- **WHAT THIS TASK INVOLVES**
Every line of the material is to be transcribed verbatim, with images omitted.

- **RAW DATA**
++++++++++++++++++++
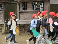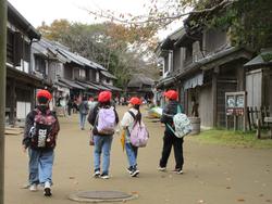 体験の後は、商屋街と武家屋敷を回ります。 ルールをしっかり守って、グループで声を掛け合いながら見学しています。 |
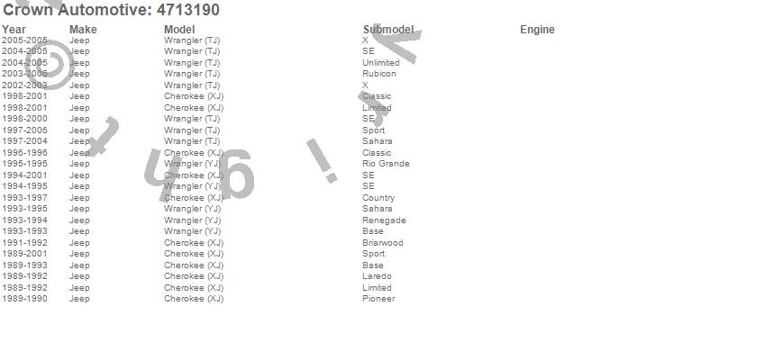 Crown Automotive is the premier manufacturer and distributor of quality replacement parts for Jeep® CJ™, Wrangler™, Cherokee™, Grand Cherokee™, Liberty™, and Commander™."From humble beginnings in 1963 in a small Boston storefront, Crown Automotive has consistently maintained its commitment to offering only quality parts and exceptional service. Today, with warehouses in Massachusetts, Georgia, Nevada, Spain, and the Czech Republic, totaling over 160,000 square feet, Crown Automotive continues to be the leader in quality replacement parts for Jeep® vehicles. With over 8,000 different parts in stock for Jeep® vehicles from 1942 on up, Crown has the largest stock of replacement parts for Jeep® vehicles, including factory-discontinued parts. In fact, many of the older Jeeps are still on (and off) the road thanks to Crown parts. The Crown line consists of axle, body, brake, clutch, cooling, driveline, electrical, engine, exhaust, fuel, steering, suspension, transmission and transfer case components. Crown Automotive also offers an exclusive line of component kits and accessory products. Because we know that Jeeps are driven harder than most other vehicles, we emphasize offering only quality parts. In fact, we test parts on Jeeps before distributing them to our dealers to insure that they meet our standards for quality. Crown also supports its entire line with a 12 month/12,000 mile warranty to insure our dealers and their customers of our commitment to offering quality parts. We know from experience that Jeep® owners would rather pay a little more for a good quality part that's backed by a strong guarantee. But we know that price is important as well. So, not only will you find Crown parts to be of exceptional quality, but you'll find them at a great price too.
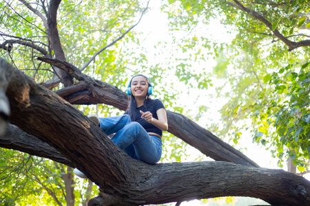 Young woman listening to music with headphones sitting on a tree in the park
++++++++++++++++++++
- **EXPECTED ANSWER**
 体験の後は、商屋街と武家屋敷を回ります。 ルールをしっかり守って、グループで声を掛け合いながら見学しています。 |
 Crown Automotive is the premier manufacturer and distributor of quality replacement parts for Jeep® CJ™, Wrangler™, Cherokee™, Grand Cherokee™, Liberty™, and Commander™."From humble beginnings in 1963 in a small Boston storefront, Crown Automotive has consistently maintained its commitment to offering only quality parts and exceptional service. Today, with warehouses in Massachusetts, Georgia, Nevada, Spain, and the Czech Republic, totaling over 160,000 square feet, Crown Automotive continues to be the leader in quality replacement parts for Jeep® vehicles. With over 8,000 different parts in stock for Jeep® vehicles from 1942 on up, Crown has the largest stock of replacement parts for Jeep® vehicles, including factory-discontinued parts. In fact, many of the older Jeeps are still on (and off) the road thanks to Crown parts. The Crown line consists of axle, body, brake, clutch, cooling, driveline, electrical, engine, exhaust, fuel, steering, suspension, transmission and transfer case components. Crown Automotive also offers an exclusive line of component kits and accessory products. Because we know that Jeeps are driven harder than most other vehicles, we emphasize offering only quality parts. In fact, we test parts on Jeeps before distributing them to our dealers to insure that they meet our standards for quality. Crown also supports its entire line with a 12 month/12,000 mile warranty to insure our dealers and their customers of our commitment to offering quality parts. We know from experience that Jeep® owners would rather pay a little more for a good quality part that's backed by a strong guarantee. But we know that price is important as well. So, not only will you find Crown parts to be of exceptional quality, but you'll find them at a great price too.
 Young woman listening to music with headphones sitting on a tree in the park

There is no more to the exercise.